The derivation will reduce the precision of some formulas: It is necessary to manually adjust the precision of the code to meet the premise of consistent precision. Only the same precision can achieve the same result as in the mathematical formula.
Appropriately replace frequently occurring forms with simple symbols.
Prevent numerical overflow and the principle of large before small: Executing Newton's method in the EVM needs to match the appropriate division control precision balance to the data to be performed in the continuous multiplication loop to avoid numerical overflow. At the same time, note that the division of large numbers is performed first and then the division of small numbers is performed, i.e., the data needs to be rearranged from large to small.
4.3 Difficulties in Understanding the Code of Curve V2
The biggest difficulty in understanding Curve V2 compared to Uniswap V3 project is:
- Curve is more inclined toward mathematical optimization, and many DeFi code logics are original in the digital token community.
- More than 95% of Curve V2's code is contributed by Curve CEO Michael, with few comments, and the comments given by others have some errors.
- Michael's misrepresentation of some key points in the whitepaper makes it difficult to understand.

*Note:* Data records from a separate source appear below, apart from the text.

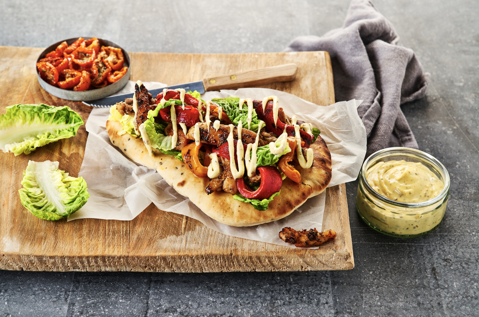 Bekijk hier het recept voor een flatbread met groene pesto mayonaise.
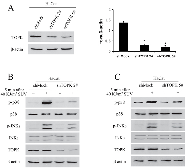 Figure 3: Knock down TOPK inhibits SUV-induced the phosphorylation of p38 and JNKs. A. Efficiency of Knock down TOPK 2# and TOPK 5# in HaCat cells. Histogram shown are representative of least three independent experiments. The asterisks (*) indicate a significant (P<0.05) difference compared to shMock group. B. TOPK 2# inhibited the phosphorylation of p38 and JNKs significantly under the condition of SUV irradiation. HaCat shMock cells and HaCat shTOPK cells were stimulated with SUV light (40 KJ/m2) after 12 h of serum-free starvation. The whole cell lysates were extracted at 5 min after SUV light. The phosphorylation levels of p38, JNKs were detected by Western blot. C. Knock down TOPK 5# inhibited SUV-induced the phosphorylation of p38 and JNKs significantly.
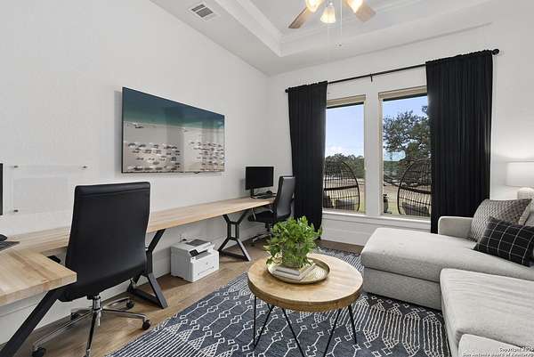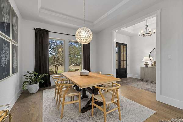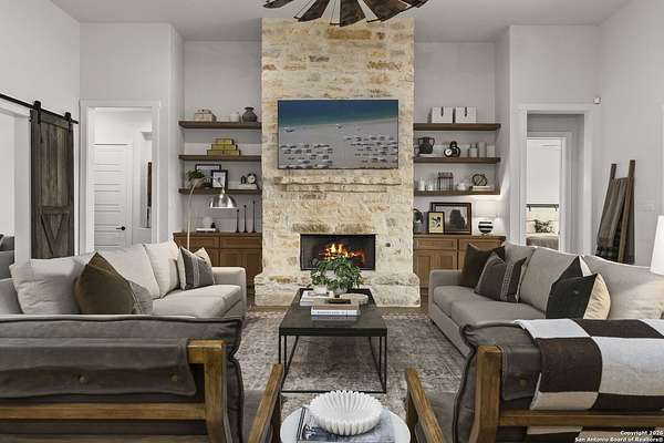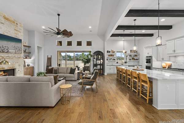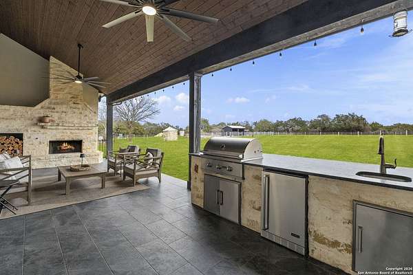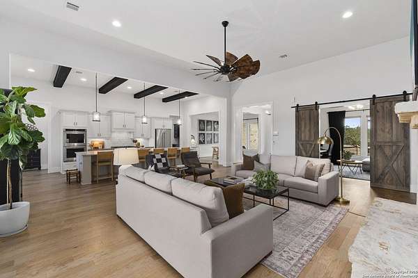 Est $7,810/moModern ranch-style custom home on 4.23 acres in the gated community of Sabinas Creek Ranch, sits just outside of Boerne. This beautifully designed home features high ceilings, an open-concept layout, and a modern kitchen with a huge island, ideal for entertaining. Enjoy outdoor living on the back patio with a cozy outdoor fireplace overlooking your private field with expansive views. A rare blend of modern finishes, privacy, and Hill Country living, Horses and other animals welcome!
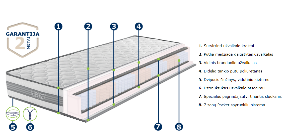 Ilgaamžių 7 zonų Pocket spyruoklių sistema suteikia komfortą ir užtikrina kokybišką miegą.
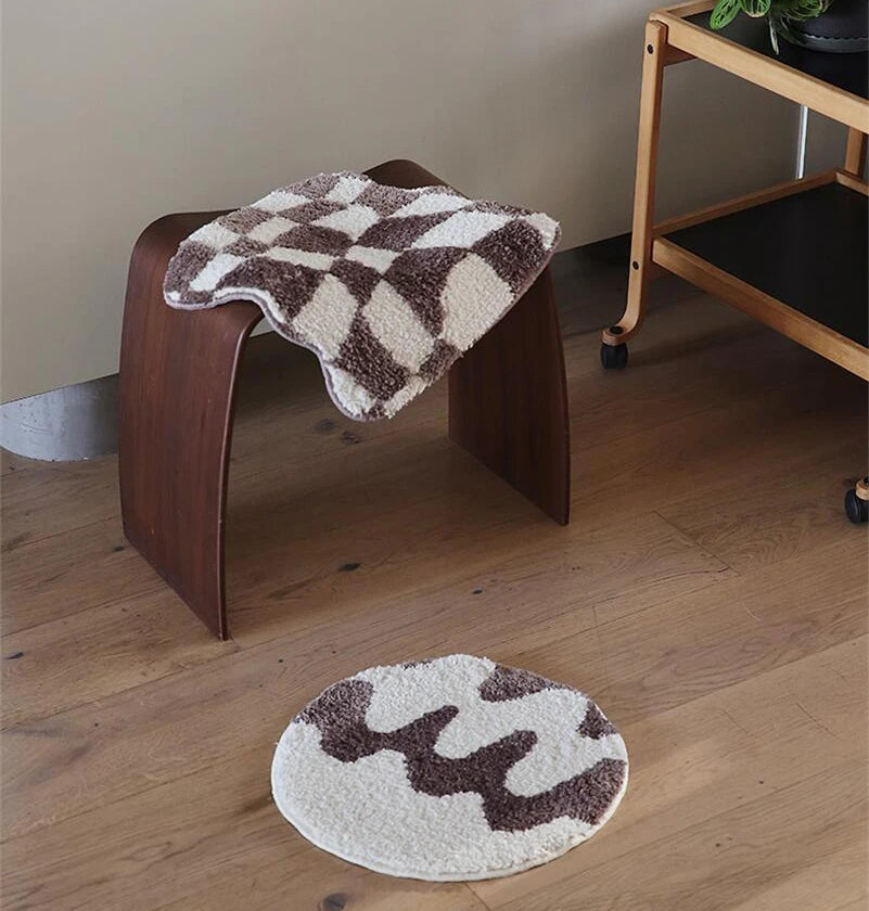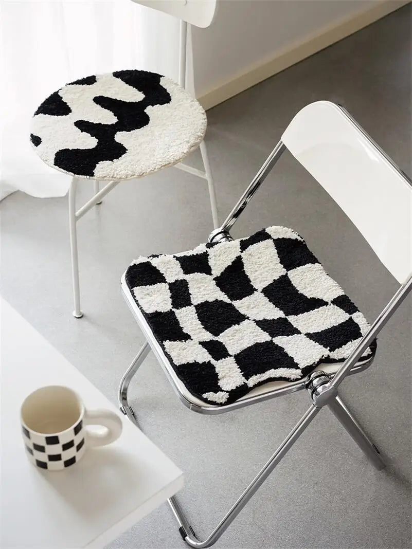 Yeknu Retro Geometry Tufted Seat Cushion Soft Loop Fleece Breathable Round Square Chair Mat Cushion Office Sedentary Anti-slip Mats
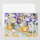 Deleite al amante de Halloween en su vida con esta tarjeta de la temporada espeluznante. También podría exhibirla como arte en su paraíso gótico. Diseñé esta tarjeta utilizando mi creación original de acuarela y pluma de tinta. Representa GATOS FANTASMAS y CALABAZAS y una luna creciente gruñona entre caramelos de maíz y hojas de otoño. ¡Incluso muestra una tetera a rayas de Halloween y bebidas de café!

- Compared with Uniswap, Curve lacks other people's research as references.
4.4 Other Algorithms of Curve and Precision Control Problems
Due to space limitations, this paper does not present a particularly complete description of Newton's method used in Curve. Another difficulty in constructing Newton's method in actual business code is the problem of precision control, which is worth summarizing in another detailed article.
At the same time, there are other algorithms lacking annotations in the math library of Curve V2 that are difficult to understand. For example, the halfpow function is actually an application of the binomial algorithm in the non-integer field.
We have fully understood the mathematical algorithms and specific codes in Curve V1 & V2. At the same time, we also gained a complete understanding of the business code of Curve V1 & V2.